-- Opening Marker --

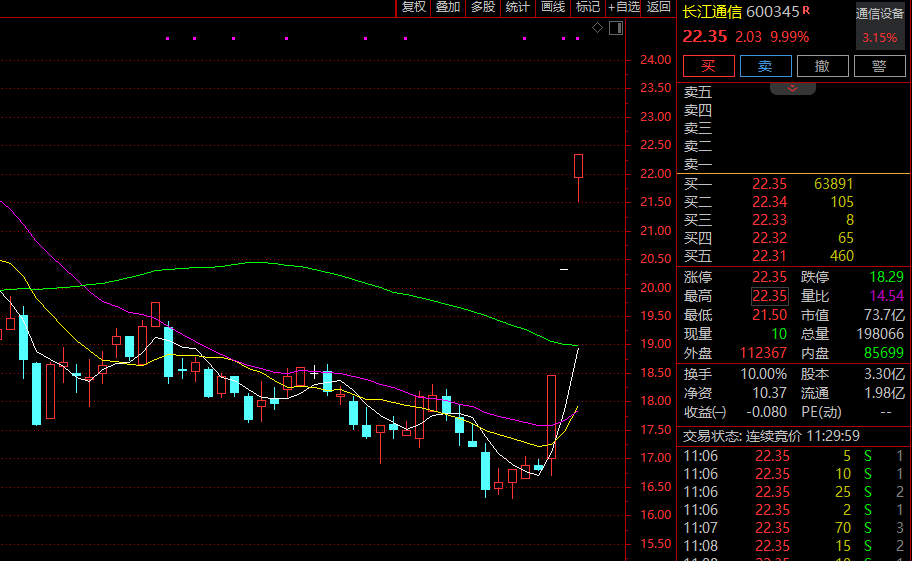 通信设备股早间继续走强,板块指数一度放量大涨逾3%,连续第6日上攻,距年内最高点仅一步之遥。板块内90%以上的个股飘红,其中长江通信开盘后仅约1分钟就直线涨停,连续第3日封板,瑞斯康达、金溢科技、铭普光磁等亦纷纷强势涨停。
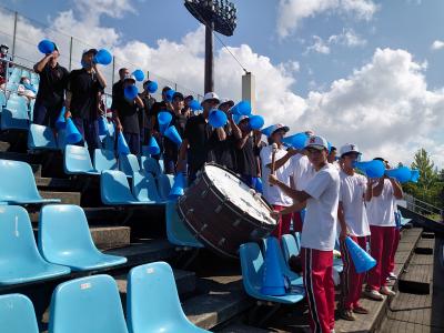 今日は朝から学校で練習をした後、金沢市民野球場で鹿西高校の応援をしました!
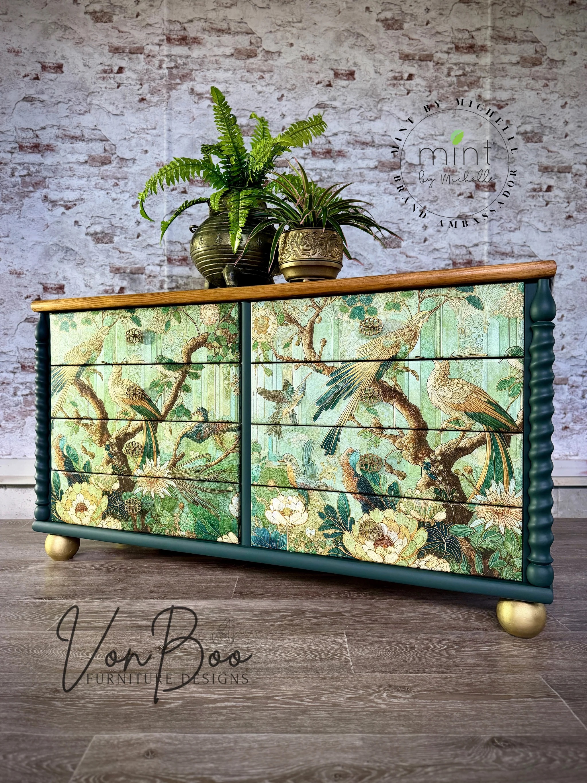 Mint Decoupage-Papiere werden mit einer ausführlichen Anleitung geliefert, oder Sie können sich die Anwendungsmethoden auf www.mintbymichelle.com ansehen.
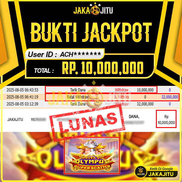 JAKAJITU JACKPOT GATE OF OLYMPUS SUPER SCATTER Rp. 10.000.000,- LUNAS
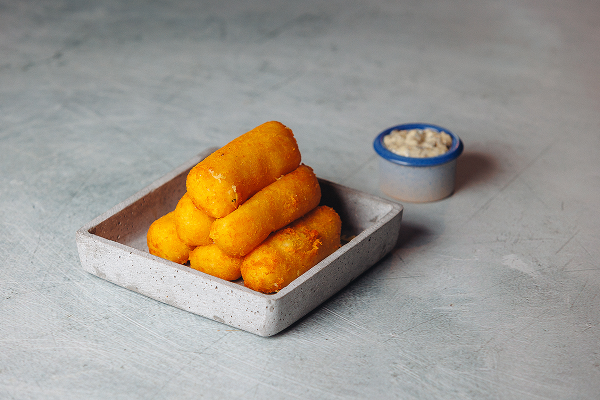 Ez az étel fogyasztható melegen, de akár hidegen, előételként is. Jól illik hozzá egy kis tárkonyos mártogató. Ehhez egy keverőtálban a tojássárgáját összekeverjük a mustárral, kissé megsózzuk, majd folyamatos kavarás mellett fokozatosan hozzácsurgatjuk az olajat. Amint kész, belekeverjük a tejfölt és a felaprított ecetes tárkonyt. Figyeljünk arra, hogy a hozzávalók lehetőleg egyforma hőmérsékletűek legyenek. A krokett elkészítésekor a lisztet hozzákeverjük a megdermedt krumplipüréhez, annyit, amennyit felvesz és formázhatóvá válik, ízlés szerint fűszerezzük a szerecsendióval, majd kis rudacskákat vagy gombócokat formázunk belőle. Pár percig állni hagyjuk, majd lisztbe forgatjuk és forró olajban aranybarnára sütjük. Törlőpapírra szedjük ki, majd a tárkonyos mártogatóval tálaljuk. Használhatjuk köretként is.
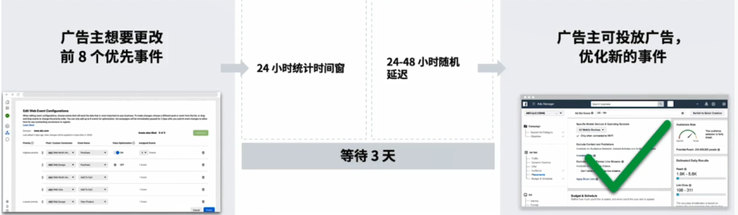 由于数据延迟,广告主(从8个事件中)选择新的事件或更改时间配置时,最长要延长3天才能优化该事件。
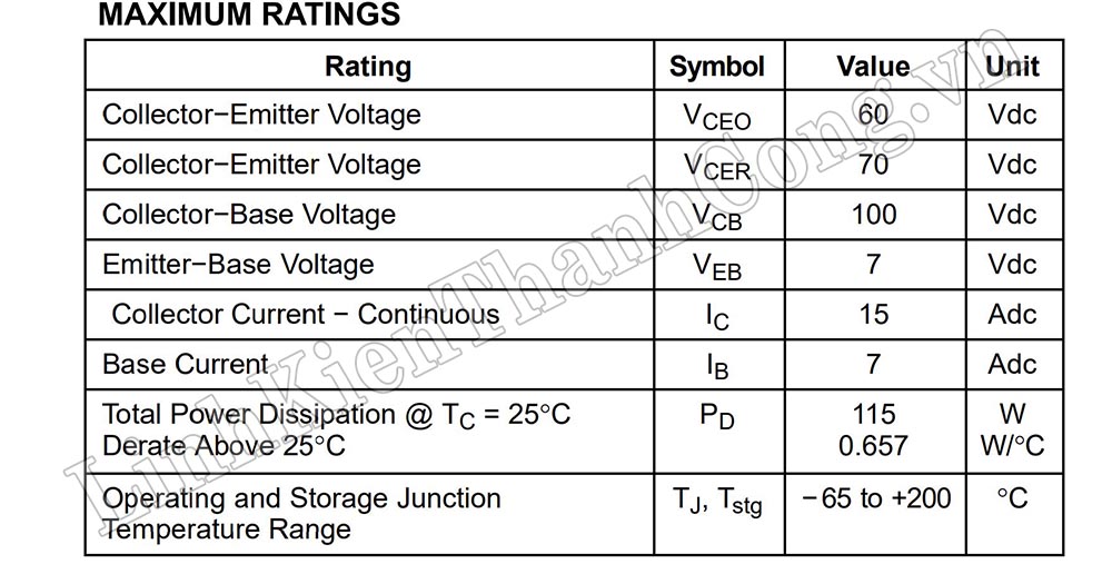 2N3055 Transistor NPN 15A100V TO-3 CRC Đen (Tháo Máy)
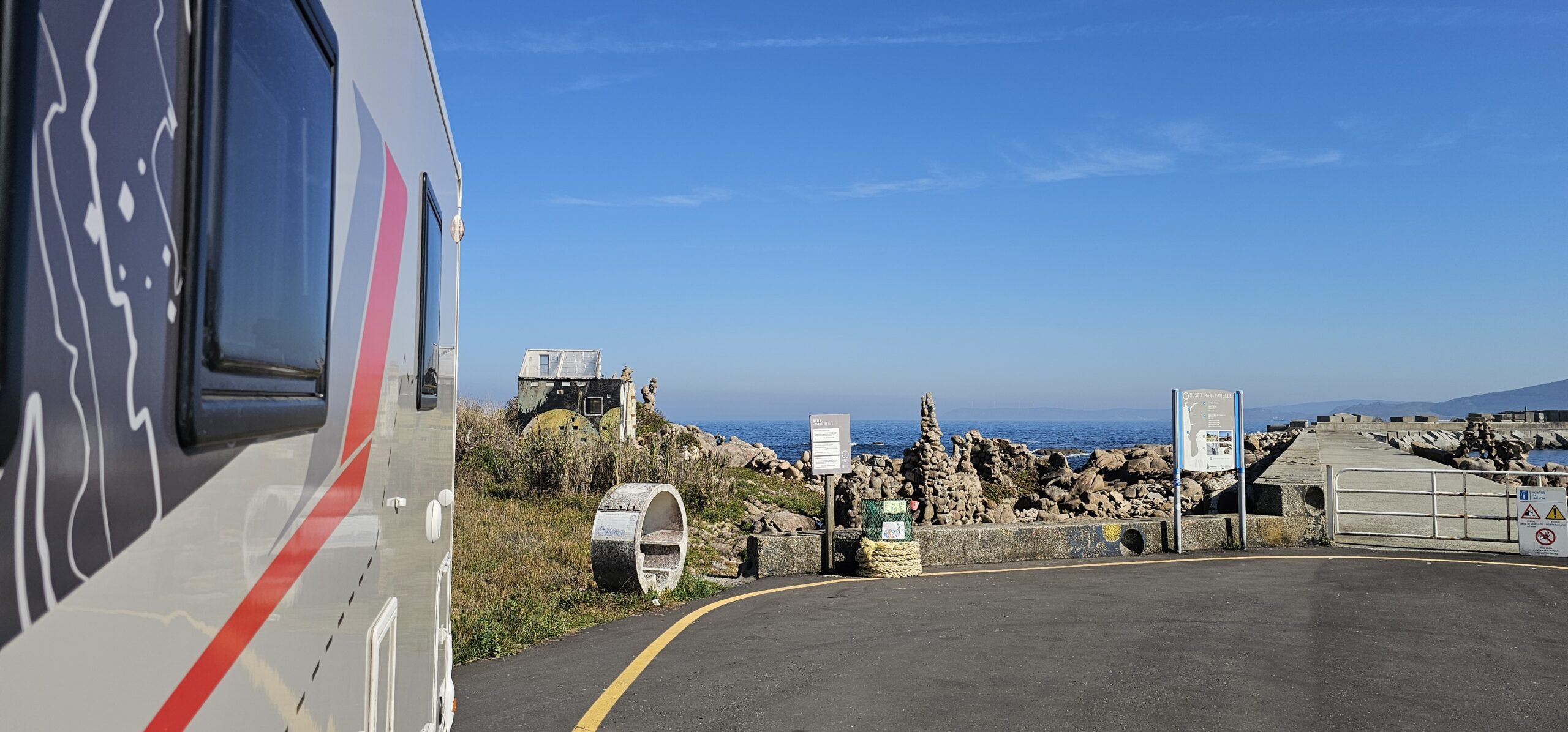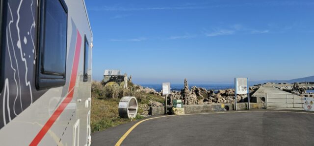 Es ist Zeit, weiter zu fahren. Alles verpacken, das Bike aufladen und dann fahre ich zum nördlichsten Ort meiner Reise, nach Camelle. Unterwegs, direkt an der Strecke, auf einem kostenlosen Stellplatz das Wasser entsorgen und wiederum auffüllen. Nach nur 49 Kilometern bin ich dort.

-- Closing Marker --

§ REQUIRED WORK:
Nothing but the lines above, starting at the line that contains "今日は朝から学校で練習をした後、金沢市民野球場で鹿西高校の応援をしました!" and ending at the line that contains "JAKAJITU JACKPOT GATE", should be given again, exactly and without the pictures.

§ ANSWER SECTION:
 今日は朝から学校で練習をした後、金沢市民野球場で鹿西高校の応援をしました!
 Mint Decoupage-Papiere werden mit einer ausführlichen Anleitung geliefert, oder Sie können sich die Anwendungsmethoden auf www.mintbymichelle.com ansehen.
 JAKAJITU JACKPOT GATE OF OLYMPUS SUPER SCATTER Rp. 10.000.000,- LUNAS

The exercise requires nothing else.